Drug Development and Manufacturing


Prostate cancer (Image source: hopkinsmedicine.org)

June 30, 2021 /BioonBIOON/ --Novartis(Novartis) recently announced that the results of the pivotal Phase 3 VISION study evaluating the targeted radioligand therapy 177Lu-PSMA-617 for the treatment of prostate cancer have been published in the *New England Journal of Medicine* (NEJM). The results showed that,In patients with progressive PSMA-positive metastatic castration-resistant prostate cancer (mCRPC), 177Lu-PSMA-617 in combination with standard of care (SOC) significantly improved overall survival (OS) and radiographic progression-free survival (rPFS) compared with SOC.For details, see the NEJM article:Lutetium-177–PSMA-617 for Metastatic Castration-Resistant Prostate Cancer

177Lu-PSMA-617 is a radioligand therapy (RLT). This class of therapy combines a targeted compound capable of binding to tumor-expressed markers with a radioactive isotope, thereby inducing DNA damage and inhibiting tumor growth and replication.This treatment can preciselyTumorCell-targeted radiation delivery, while limiting damage to surrounding normal tissues.
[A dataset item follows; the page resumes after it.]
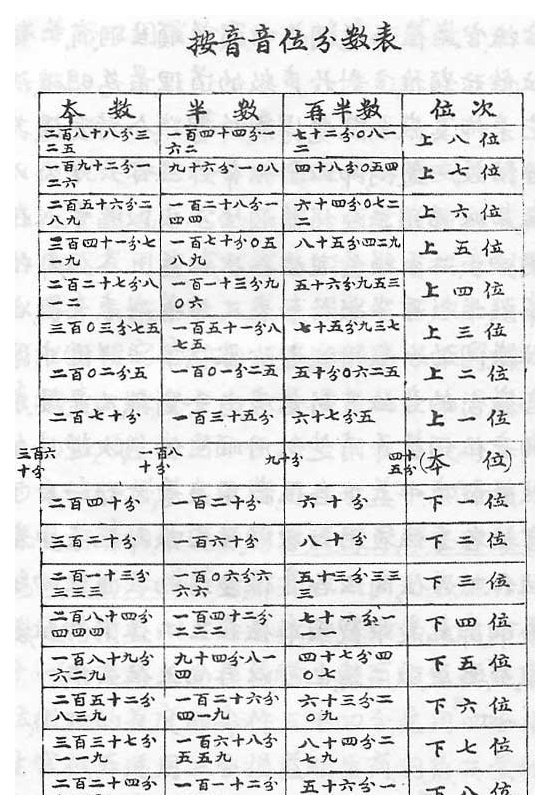 位,就是各弦按音所取五声、二变或二清的定位。在泛音虽也有它的位,然必须当徽才能发声,徽外的位,没有用处,尽可置而不论。惟有按音则随处可以得音,不能以十三徽来限定它,所以必须另外设数以指明它音位的所在,才能准此取得谐叶的音声。按音音位,完全由弦度损益相生而得,有顺生、逆生两法;顺生者用三分损一、三分益一,与五声相生的方法一样;逆生者则用二分益一、四分损一,实际就是前算法的还原。考曹庭栋琴学,五坦《琴旨》,祝凤鸣《与古斋琴谱》等书,都是以琴声之数施于弦度,就此递为损益,以生各音位。如宫弦的长度,即命作八十一分,递用三分损益,顺生徵、商、羽、角和二变的音位;徵弦的长度,即命作五十四分,先用逆生宫位,再递用三分损益,顺生商、羽、角,二变的音位,商弦的长度,即命作七十二分,先用两次四分损一,逆生徵、宫二位,再递用三分损益顺生羽、角、二变的单位,余弦类推。这对于声数的道理最为明确。只是用它来布算徽分,就觉得周折繁杂。今特变通其法,为各弦设一通例,即以全弦命作三百六十分以为本位;由此,递用三分损益顺生八次,以为下八位;又递用四分、二分损益逆生八次,以为上八位;都备列其本数、半数、再半数于一表,又准着此表之数,合前徽位、徽间的分数,用减整除零法(算法详后)求得三准各徽分的音位,另列为表,与之对照。凡是要求某弦的音位,须先弄清楚它用顺生的几次,逆生的几次,然后就表中上、下各位,截取来看,不难一目了然。(如宫弦各音位,应用六次顺生去取,即就表中截取本位和下六位;商弦各音位,应用两次逆生、四次顺生去取,即就表中截取本位和上二位、下四位;余弦类推。或要更取二清,也可以再向上位推。)

Previously, the United StatesFDABreakthrough Therapy Designation (BTD) has been granted to 177Lu-PSMA-617 for the treatment of metastatic castration-resistant prostate cancer (mCRPC). The prognosis for metastatic prostate cancer is poor, with a 5-year survival rate of approximately 30%.

NovartisJeff Legos, Global Head of Oncology Development, stated: "We are proud of these data. In prostate cancer patients who have previously received multiple regimens and currently have limited treatment options, 177Lu-PSMA-617 can significantly shrinkTumor, extending the lives of prostate cancer patients. We believe that,As a radioligand therapy, 177Lu-PSMA-617 holds significant potential to improve the prognosis of advanced prostate cancer.. Currently, we have initiated two new Phase III studies for earlier-stage treatment.”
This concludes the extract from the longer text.